# 67 GTO blower motor relay



## NDExpat (Mar 20, 2016)

I'm missing the master blower motor relay and the hi/low blower motor relay and I'm not having much luck finding replacements. Does anyone know what the part numbers are? Are they both the same relay? Are they separate relays or did they originally come with both relays mounted on in a single unit? The picture in the shop manual is basically black with 6 shiny lugs in the middle of the picture. I can't make out any detail. I anyone can post a picture it would surely help.

Thanks


----------



## Goat Roper (Oct 28, 2014)

Are you talking about the relay that goes on the pass. side firewall?
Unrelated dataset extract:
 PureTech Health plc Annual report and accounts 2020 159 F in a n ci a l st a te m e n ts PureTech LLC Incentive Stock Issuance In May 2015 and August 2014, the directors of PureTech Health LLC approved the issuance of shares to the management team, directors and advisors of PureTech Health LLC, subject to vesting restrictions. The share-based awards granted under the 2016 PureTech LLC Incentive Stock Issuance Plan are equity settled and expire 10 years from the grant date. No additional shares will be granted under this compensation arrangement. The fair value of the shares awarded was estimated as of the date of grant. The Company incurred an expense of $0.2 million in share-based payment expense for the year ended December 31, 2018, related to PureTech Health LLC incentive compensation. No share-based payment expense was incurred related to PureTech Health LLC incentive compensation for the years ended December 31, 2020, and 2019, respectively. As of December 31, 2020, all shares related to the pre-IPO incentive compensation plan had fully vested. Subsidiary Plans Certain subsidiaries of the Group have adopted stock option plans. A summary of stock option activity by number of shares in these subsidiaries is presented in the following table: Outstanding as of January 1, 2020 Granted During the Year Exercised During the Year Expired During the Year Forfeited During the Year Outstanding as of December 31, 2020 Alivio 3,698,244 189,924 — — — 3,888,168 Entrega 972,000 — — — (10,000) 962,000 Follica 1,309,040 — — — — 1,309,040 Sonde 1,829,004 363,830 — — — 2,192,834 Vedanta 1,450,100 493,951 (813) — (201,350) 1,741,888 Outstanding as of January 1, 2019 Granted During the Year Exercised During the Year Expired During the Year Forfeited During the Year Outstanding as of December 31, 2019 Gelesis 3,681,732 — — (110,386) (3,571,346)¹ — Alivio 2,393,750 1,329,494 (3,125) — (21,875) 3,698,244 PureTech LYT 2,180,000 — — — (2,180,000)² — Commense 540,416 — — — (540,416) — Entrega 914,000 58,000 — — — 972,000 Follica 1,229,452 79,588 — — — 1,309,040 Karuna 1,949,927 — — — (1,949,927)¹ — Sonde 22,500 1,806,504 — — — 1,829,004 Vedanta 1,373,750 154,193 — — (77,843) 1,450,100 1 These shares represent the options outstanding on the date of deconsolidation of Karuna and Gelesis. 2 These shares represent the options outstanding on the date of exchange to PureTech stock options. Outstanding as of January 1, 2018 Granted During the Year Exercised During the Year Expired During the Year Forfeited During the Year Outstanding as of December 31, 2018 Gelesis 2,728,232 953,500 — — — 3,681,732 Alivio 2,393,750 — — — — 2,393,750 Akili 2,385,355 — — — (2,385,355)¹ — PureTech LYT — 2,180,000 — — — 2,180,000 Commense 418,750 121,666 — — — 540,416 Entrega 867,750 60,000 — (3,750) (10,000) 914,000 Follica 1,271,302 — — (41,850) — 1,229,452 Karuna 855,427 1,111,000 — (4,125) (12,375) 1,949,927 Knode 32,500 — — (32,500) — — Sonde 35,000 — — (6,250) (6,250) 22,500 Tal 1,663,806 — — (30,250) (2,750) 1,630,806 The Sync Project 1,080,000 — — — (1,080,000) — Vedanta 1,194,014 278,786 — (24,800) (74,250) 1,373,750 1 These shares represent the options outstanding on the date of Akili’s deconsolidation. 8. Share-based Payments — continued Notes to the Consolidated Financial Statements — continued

https://secure.amesperf.com/qilan/D...6YD&order_number_e=NDA4Mjk2OQ==
&web_access=Y

Here is a list of all the relays Ames carries.
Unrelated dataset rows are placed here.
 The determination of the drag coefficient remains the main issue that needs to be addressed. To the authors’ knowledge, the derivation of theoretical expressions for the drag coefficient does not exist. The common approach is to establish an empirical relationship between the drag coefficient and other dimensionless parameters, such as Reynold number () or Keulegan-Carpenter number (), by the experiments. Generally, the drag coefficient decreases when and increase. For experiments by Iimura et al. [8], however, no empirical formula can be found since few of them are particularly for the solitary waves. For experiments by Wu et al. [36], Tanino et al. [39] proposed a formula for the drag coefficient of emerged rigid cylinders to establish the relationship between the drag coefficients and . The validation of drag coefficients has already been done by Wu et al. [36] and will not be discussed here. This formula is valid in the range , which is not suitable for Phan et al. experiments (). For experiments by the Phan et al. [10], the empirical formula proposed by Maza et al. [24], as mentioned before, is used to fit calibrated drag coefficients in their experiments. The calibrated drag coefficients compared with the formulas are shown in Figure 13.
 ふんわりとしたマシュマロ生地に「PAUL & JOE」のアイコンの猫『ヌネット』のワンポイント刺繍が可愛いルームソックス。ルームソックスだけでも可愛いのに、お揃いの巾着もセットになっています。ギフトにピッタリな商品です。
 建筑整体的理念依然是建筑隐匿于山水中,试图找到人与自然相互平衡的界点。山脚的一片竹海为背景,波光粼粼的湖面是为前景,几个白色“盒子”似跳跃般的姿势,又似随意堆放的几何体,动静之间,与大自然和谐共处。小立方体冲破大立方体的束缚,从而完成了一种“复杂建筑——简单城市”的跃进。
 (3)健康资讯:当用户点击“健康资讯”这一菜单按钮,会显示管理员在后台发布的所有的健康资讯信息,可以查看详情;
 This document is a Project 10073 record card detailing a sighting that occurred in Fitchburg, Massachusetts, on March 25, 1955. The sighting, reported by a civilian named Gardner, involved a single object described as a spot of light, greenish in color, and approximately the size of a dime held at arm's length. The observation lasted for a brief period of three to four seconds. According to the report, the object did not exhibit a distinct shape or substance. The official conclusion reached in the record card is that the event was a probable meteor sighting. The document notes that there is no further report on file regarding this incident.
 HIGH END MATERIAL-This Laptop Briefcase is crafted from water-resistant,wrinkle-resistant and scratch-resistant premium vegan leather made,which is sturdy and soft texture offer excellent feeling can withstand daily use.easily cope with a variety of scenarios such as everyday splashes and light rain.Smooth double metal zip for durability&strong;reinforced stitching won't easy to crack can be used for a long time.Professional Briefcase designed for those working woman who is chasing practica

https://secure.amesperf.com/qilan/S...search_year=1967&search_keyword=+relay&sort=0


----------



## NDExpat (Mar 20, 2016)

Thanks. The wiring diagram shows 2 relays. A master relay and a hi/lo blower relay. I'm wondering if the 2 relays are the same part number or if they're 2 different relays? Any idea? I might just get 2 of these and wire them up as per the diagram & see if it works.


----------



## Goat Roper (Oct 28, 2014)

If you look at this picture the relay is the silver box on the pass. side firewall and there is another one on top of the blower plenum with the gray connector that's plugged onto it.
I am not sure if it is a relay or a sensor though.


----------